━━ Supplied material

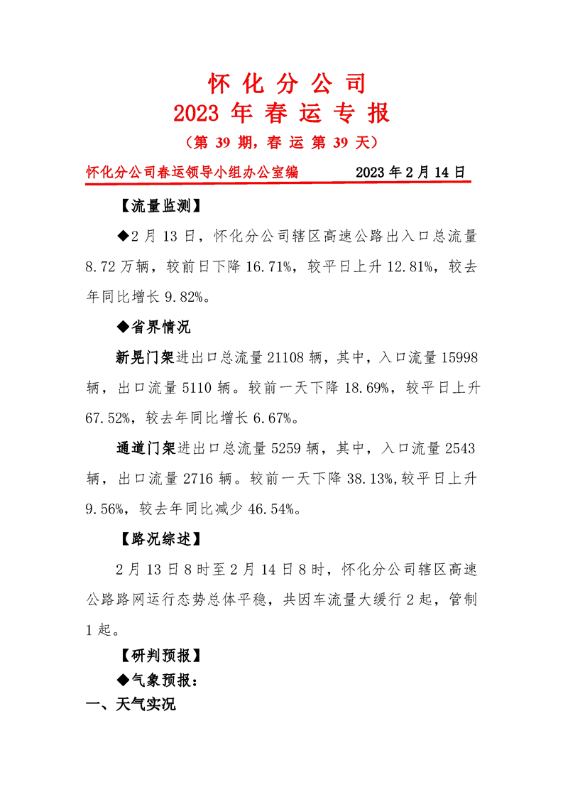 2023年懷化分公司春運(yùn)專報(bào)-第39期
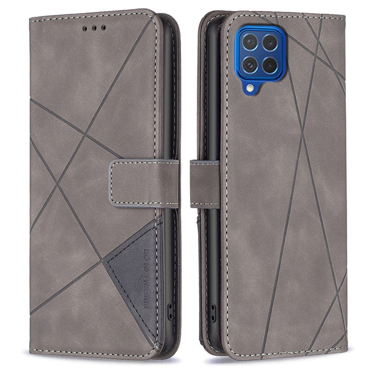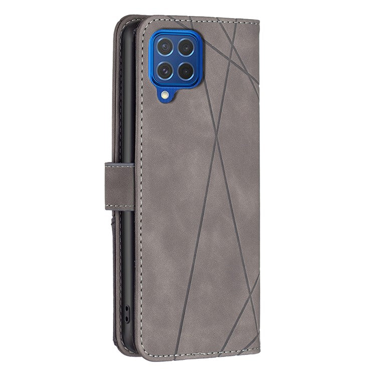 BINFEN COLOR For Samsung Galaxy M62 / F62 Phone Cases Wallet Stand Geometry Imprinted Leather Cover - Grey
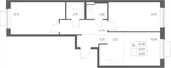 11 762 873 ₽3-к.квартира, 61.83 м², 17 эт.
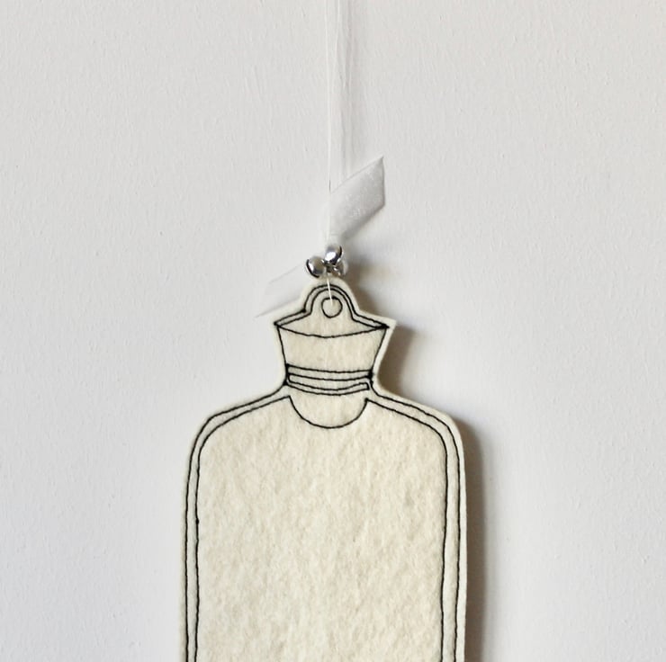 Hottie is created using 100% cream wool felt and free hand machine embroidery. With a red gingham sewn heart, three silver metal bells, organza ribbon and linen thread to hang.
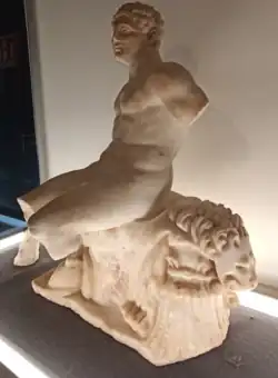 Tivoli was identified with the cult of Hercules by virtue of its strategic position and it venerated him as a warrior god (Hercules Victor or Invictus) for a victory over the Aequi,[9] as Hercules Saxanus (as protector of travertine mining), and as protector of trade and of flocks, a fundamental activity for the original city economy.[10]
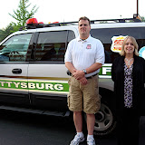 Steve Berry (“I’m Not An Ambulance Driver”), our public information officer, said a few words last night at dinner that have really stuck with me. One thing that he said was that “good men will always die but their names never will.” He also spoke of our solidarity on the ride. We all know that our profession and public safety, in general, can be fragmented. Within even one city, fire, police, and EMS will be separate departments like what we have in Austin, Texas. And then we are separated by the city limits and county lines and state lines. But, here on the ride, we are one. It doesn’t matter whether it says “EMS” or “fire” on the front of the building. These local squads have gone above and beyond their own call of duty to make us feel welcome. From speaking with the members of these local squads, they are honored to have us visit their station and their town, city, and even state. But, it makes us feel good to come to these stations and hear THEIR stories. To hear THEIR stories of why this ride and the memorial is significant to them, to hear about THEIR loss(es). Like I said earlier in the week, these are not just names. Barry Nagle’s wife was at the ceremony last night and we had the opportunity to thank her for sharing his life with us for the evening. Every rider has a set of “dog tags.” Each set of dog tags has a name of an inductee. Each rider is then connected to someone and is reminded day in and day out of why they are here and remember that while climbing hill after hill after hill. Barry’s wife was able to receive his dog tag last night from the rider carrying his tags. Thank you for your dedicated service, RIP Barry Nagle. A huge thanks to Megan Hollinger, Program Coordinator, Emergency Health Services Federation, Inc. and Allen Baldwin, Fire Chief Gettysburg Fire Department (25 years of service!!).
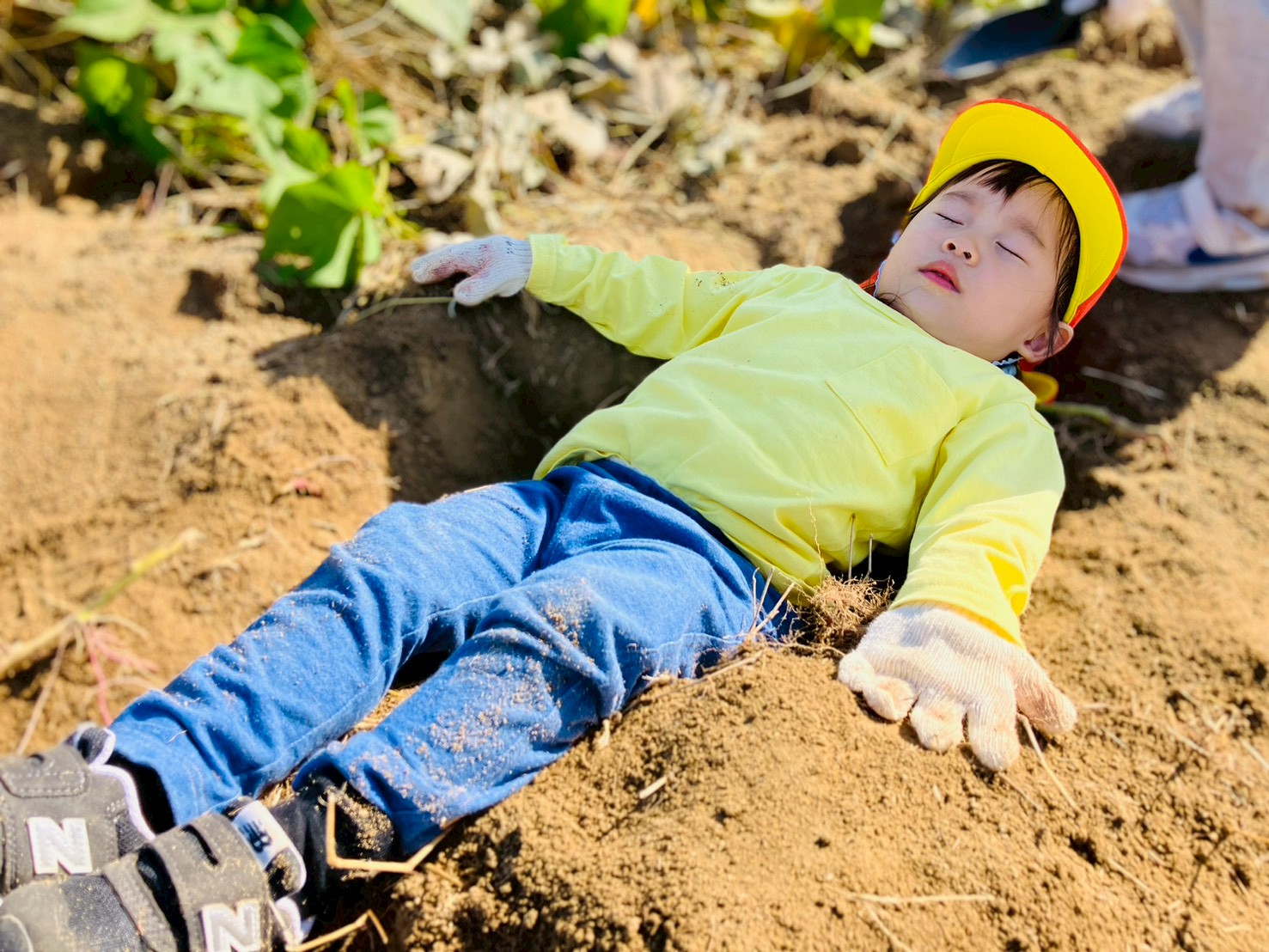芋掘りのあとは温かい土の上に寝転んだりカエルを発見したり🐸💡
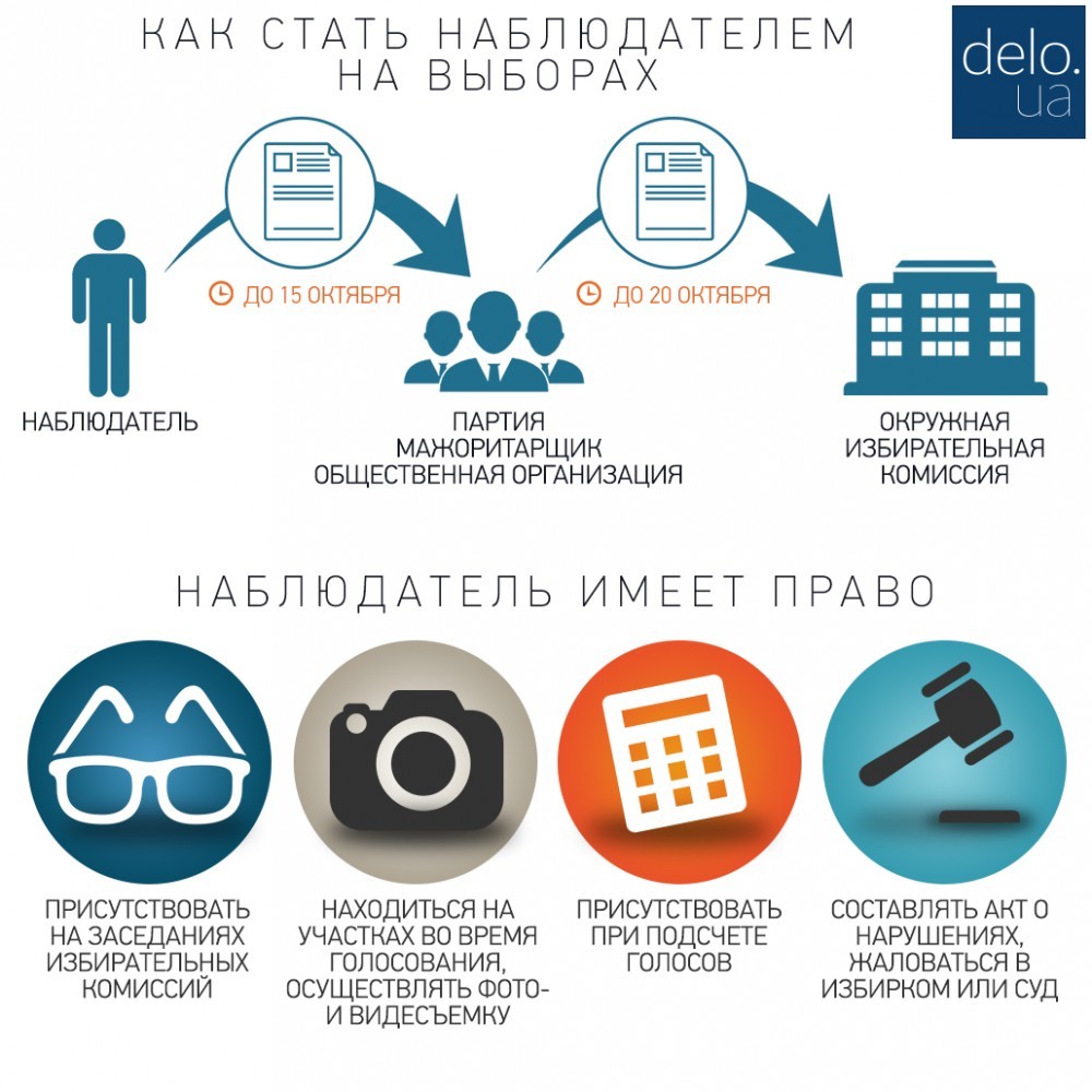 Потом, не позже чем за 5 дней до голосования (до 20 октября), руководитель общественной организации/представитель партии вносит представление в определенную окружную избирательную комиссию (ОИК) о регистрации их наблюдателя на данном округе. В этом году Центризбирком разрешил выдвигать наблюдателей 37 гражданским организациям (полный список здесь), самые известные из которых — ОПОРА и Комитет избирателей Украины. Присутствуют также гражданские организации от партий "УДАР", "Фронт перемен", "Заступ". Эксперты указывают, что первым тестом на серьезность организации является наличие сайта. "Если нет контактов организации в интернете, то скорее всего она в действительности не существует или ее искусственно зарегистрировали, чтобы потом использовать в своих политических интересах", — рассказал Delo.UA зам главы КИУ Виталий Тесленко.
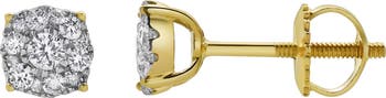 These gorgeous 0.17 carat diamond earrings feature a elegant cluster design meticulously set in 10K gold with a screwback setting. Their elegant arrangement highlights the timeless brilliance of the diamonds.

━━━━

Output the whole listing exactly. Pictures stay out.

### Output below:
 2023年懷化分公司春運(yùn)專報(bào)-第39期
 BINFEN COLOR For Samsung Galaxy M62 / F62 Phone Cases Wallet Stand Geometry Imprinted Leather Cover - Grey
 11 762 873 ₽3-к.квартира, 61.83 м², 17 эт.
 Hottie is created using 100% cream wool felt and free hand machine embroidery. With a red gingham sewn heart, three silver metal bells, organza ribbon and linen thread to hang.
 Tivoli was identified with the cult of Hercules by virtue of its strategic position and it venerated him as a warrior god (Hercules Victor or Invictus) for a victory over the Aequi,[9] as Hercules Saxanus (as protector of travertine mining), and as protector of trade and of flocks, a fundamental activity for the original city economy.[10]
 Steve Berry (“I’m Not An Ambulance Driver”), our public information officer, said a few words last night at dinner that have really stuck with me. One thing that he said was that “good men will always die but their names never will.” He also spoke of our solidarity on the ride. We all know that our profession and public safety, in general, can be fragmented. Within even one city, fire, police, and EMS will be separate departments like what we have in Austin, Texas. And then we are separated by the city limits and county lines and state lines. But, here on the ride, we are one. It doesn’t matter whether it says “EMS” or “fire” on the front of the building. These local squads have gone above and beyond their own call of duty to make us feel welcome. From speaking with the members of these local squads, they are honored to have us visit their station and their town, city, and even state. But, it makes us feel good to come to these stations and hear THEIR stories. To hear THEIR stories of why this ride and the memorial is significant to them, to hear about THEIR loss(es). Like I said earlier in the week, these are not just names. Barry Nagle’s wife was at the ceremony last night and we had the opportunity to thank her for sharing his life with us for the evening. Every rider has a set of “dog tags.” Each set of dog tags has a name of an inductee. Each rider is then connected to someone and is reminded day in and day out of why they are here and remember that while climbing hill after hill after hill. Barry’s wife was able to receive his dog tag last night from the rider carrying his tags. Thank you for your dedicated service, RIP Barry Nagle. A huge thanks to Megan Hollinger, Program Coordinator, Emergency Health Services Federation, Inc. and Allen Baldwin, Fire Chief Gettysburg Fire Department (25 years of service!!).
芋掘りのあとは温かい土の上に寝転んだりカエルを発見したり🐸💡
 Потом, не позже чем за 5 дней до голосования (до 20 октября), руководитель общественной организации/представитель партии вносит представление в определенную окружную избирательную комиссию (ОИК) о регистрации их наблюдателя на данном округе. В этом году Центризбирком разрешил выдвигать наблюдателей 37 гражданским организациям (полный список здесь), самые известные из которых — ОПОРА и Комитет избирателей Украины. Присутствуют также гражданские организации от партий "УДАР", "Фронт перемен", "Заступ". Эксперты указывают, что первым тестом на серьезность организации является наличие сайта. "Если нет контактов организации в интернете, то скорее всего она в действительности не существует или ее искусственно зарегистрировали, чтобы потом использовать в своих политических интересах", — рассказал Delo.UA зам главы КИУ Виталий Тесленко.
 These gorgeous 0.17 carat diamond earrings feature a elegant cluster design meticulously set in 10K gold with a screwback setting. Their elegant arrangement highlights the timeless brilliance of the diamonds.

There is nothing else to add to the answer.